7 Tips for Becoming a Successful Forex Trader

If you’re like most traders who have been at it with forex for at least a year, you’re losing money and beginning to wonder if it’s even possible to make money trading forex. I’m here to tell you that success IS achievable, but it’s going to require some mental conditioning to start thinking like a professional, successful forex trader.

  1. Model after someone who’s already done it - You can avoid so much pain by just learning from someone who has been successful already. If you try to get creative and form your own strategy and you haven’t had the experience being successful, you may not trust your strategy or yourself. Don’t underestimate the roles of emotions and self trust in your trading.

  2. Adopt a trading strategy that is based on how the market actually works (so you can trust it) - I’ve seen traders too many times who just buy a course/ebook/signals service that is just based on some moving average crossing over another on a chart and expect to make money from it. Other than statistics from the past, there’s nothing that says these strategies have any long term predictive value! If you want something you can trust in and be able to use even through the losing periods knowing that your money is safe, make sure that your strategy is based on the behaviors of the market, fundamentals, market sentiment, and not just some statistical pattern.

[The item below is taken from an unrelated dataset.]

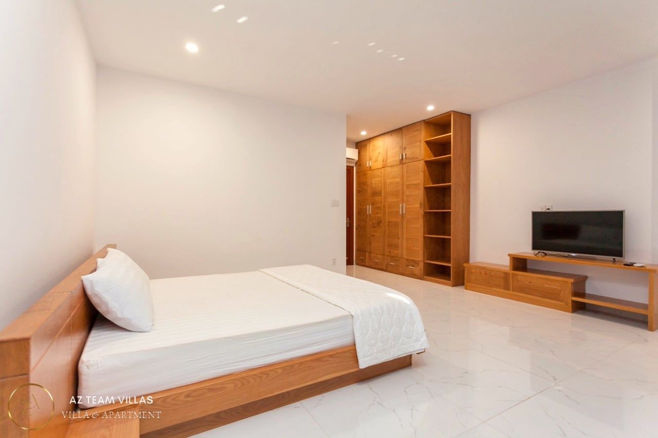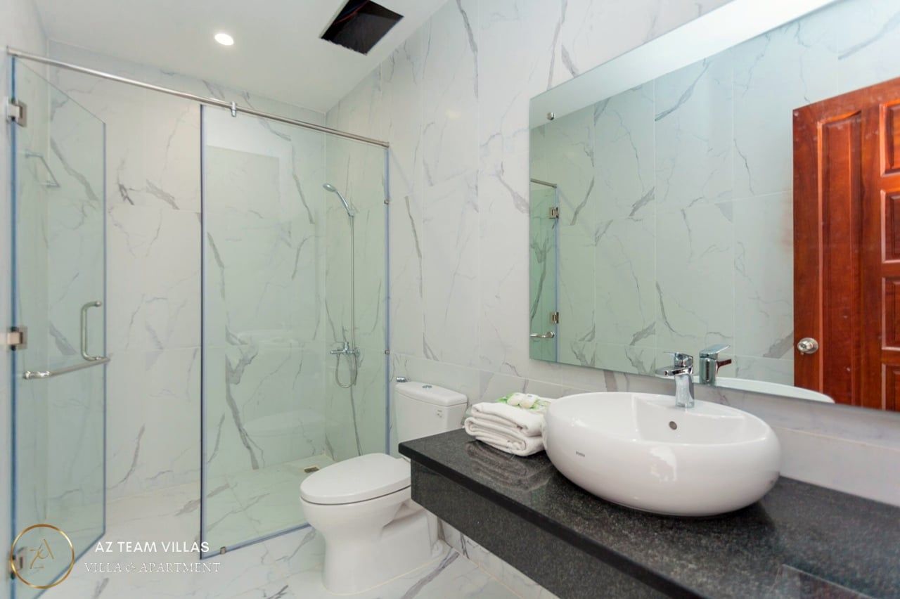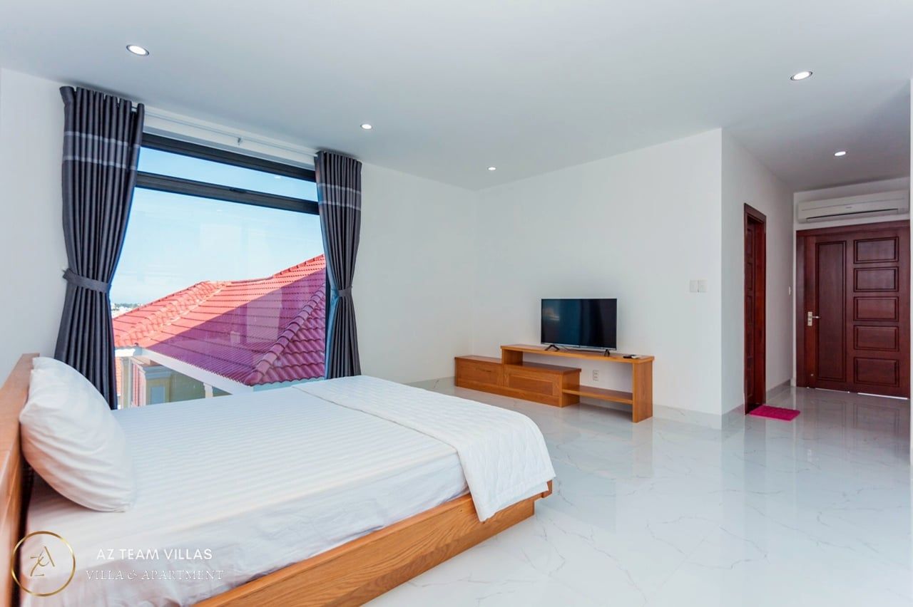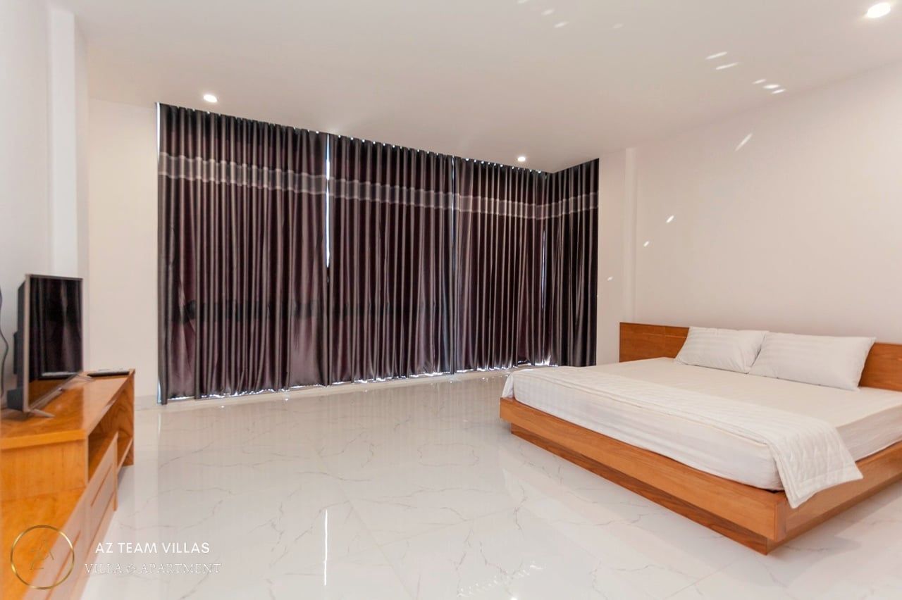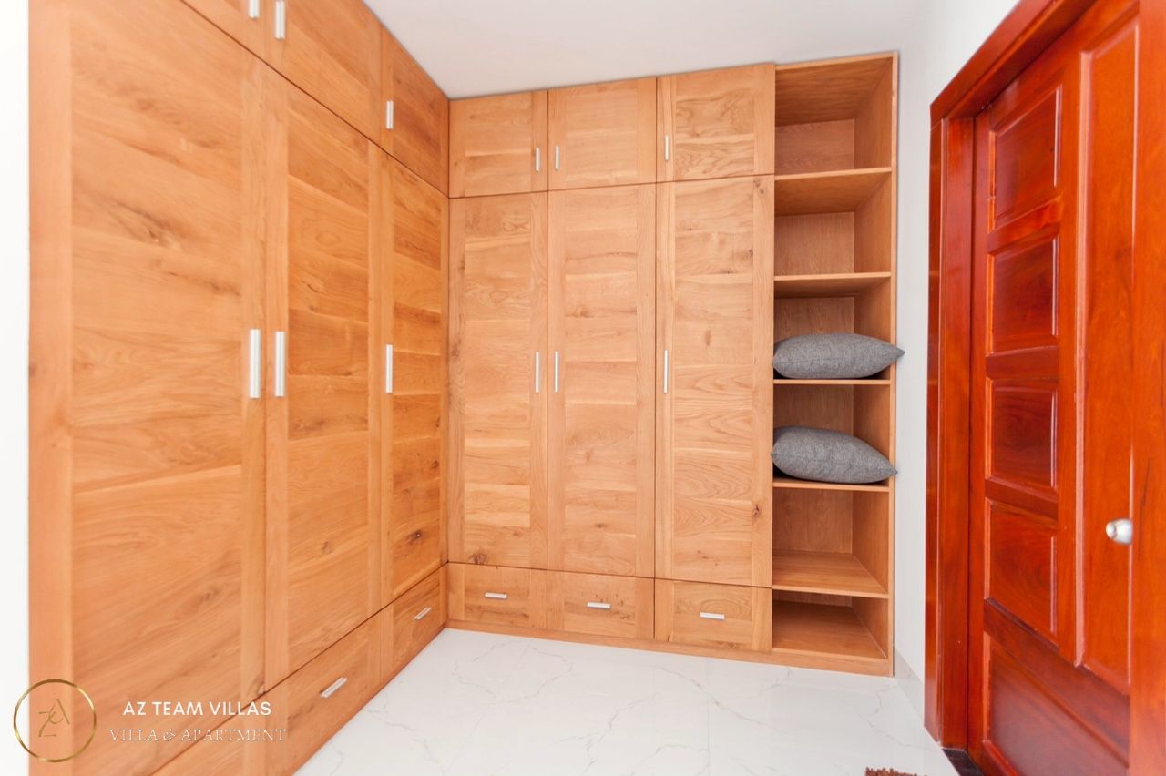 Villa gồm 5 phòng ngủ, 5 giường kích thước 1m8, 5 nệm thêm và 5 WC

  3. Learn to put price action into context - Many traders fail because they subscribe to simple rules of thumb that everyone else (i.e. the rest of the market, their competition) can see as well, and they call it an “edge.” For example, many traders think they can make money just by buying when price breaks above the highs of a sideways range. Yea, that might’ve worked 30 years ago in the futures market, but traders aren’t stupid. And neither are brokers- they’re aware of this habit of newbie traders as well as other patterns, and they push the market up just to sell to them at high prices and then price spikes back down giving them a profit. If you want to play breakouts (or other strategies for that matter) make sure that you put the price action into context. If price breaks above the highs, look for confirmation from some really surprising news such as retail sales or a Bernanke press conference that rocked the market.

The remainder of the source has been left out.